As regular CFZ-watchers will know, for some time Corinna has been doing a column for Animals & Men and a regular segment on On The Track... particularly about out-of-place birds and rare vagrants. There seem to be more and more bird stories from all over the world hitting the news these days so, to make room for them all - and to give them all equal and worthy coverage - she has set up this new blog to cover all things feathery and Fortean.

Sunday, 1 July 2018

New restrictions on vulture-killing drugs in Pakistan


15/06/2018

Vulture populations in South Asia have collapsed by over 95 per cent since the mid-1990s. The primary cause of this catastrophic decline, and still an ongoing threat, is the ingestion by vultures of livestock carcasses containing non-steroidal anti-inflammatory drugs (NSAIDs), principally diclofenac. Although diclofenac was banned from veterinary use in Pakistan, India and Nepal in 2006, other NSAIDs such as aceclofenac and ketoprofen still pose a major threat to Critically Endangered vultures.
WWF-Pakistan and the Hawk Conservancy Trust in the UK have been partners on the Pakistan Vulture Restoration Project (PVRP) to conserve vultures in Pakistan for the past 12 years. The project consists of a vulture breeding centre in Punjab province and a community-led vulture safe zone in Sindh province, where some of Pakistan's last remaining colonies of Critically Endangered White-rumped and Slender-billed Vultures are found.
PVRP has continued lobbying for the removal of veterinary drugs which are unsafe for vultures. In a recent letter to the Department of Health for Sindh, the Secretary was urged to restrict the distribution of ketoprofen and aceclofenac in Sindh's Vulture Safe Zone.
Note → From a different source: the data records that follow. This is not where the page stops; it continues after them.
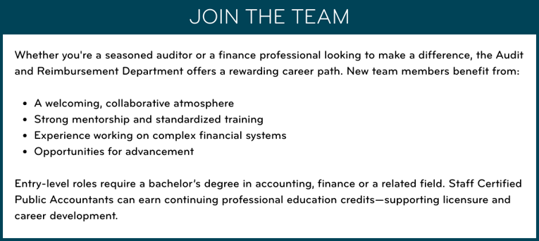 In her role as an auditor, she has been a standout member of the Audit and Reimbursement team. Georgina thrives on comparing cost reports to regulatory expectations and credits her supervisor for fostering a supportive, team-oriented environment. Her journey reflects the department’s commitment to excellence, learning and collaboration.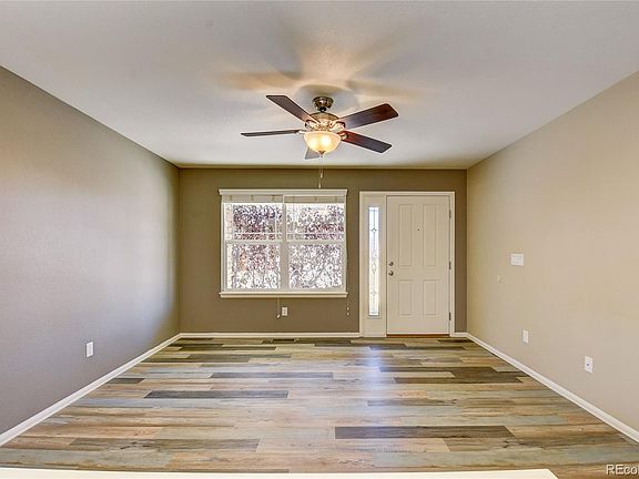 Wonderful ranch style home in the quiet Traditions neighborhood. Open floorplan with brand new beautiful waterproof NuCore Vinyl plank flooring. Full finished basement which includes a family room, bedroom, bathroom and extra storage space. 2nd bedroom has an amazing built in murphy-bed with storage. Large back patio great for grilling out and entertaining. The home does not back up to any neighbors. Sprinklers in front and back. Electric car charging station in garage. Close proximity to DIA, Buckley AFB, and Southlands shopping and restaurants.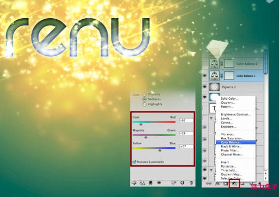 21、点击图层面板上的“下图红框的位置”图标创建一个新的色彩平衡调整层。青色

As a result, the Chief Drug Inspector of Sindh ordered all regional and district drug inspectors to restrict the use of these drugs.
Muhammad Jamshed Iqbal at WWF-Pakistan said: "NSAIDs such as ketoprofen and aceclofenac have proven to be fatal for Gyps vultures in clinical trials and their restriction in the Sindh will contribute significantly in the survival of the remaining populations of Gyps vultures in Pakistan."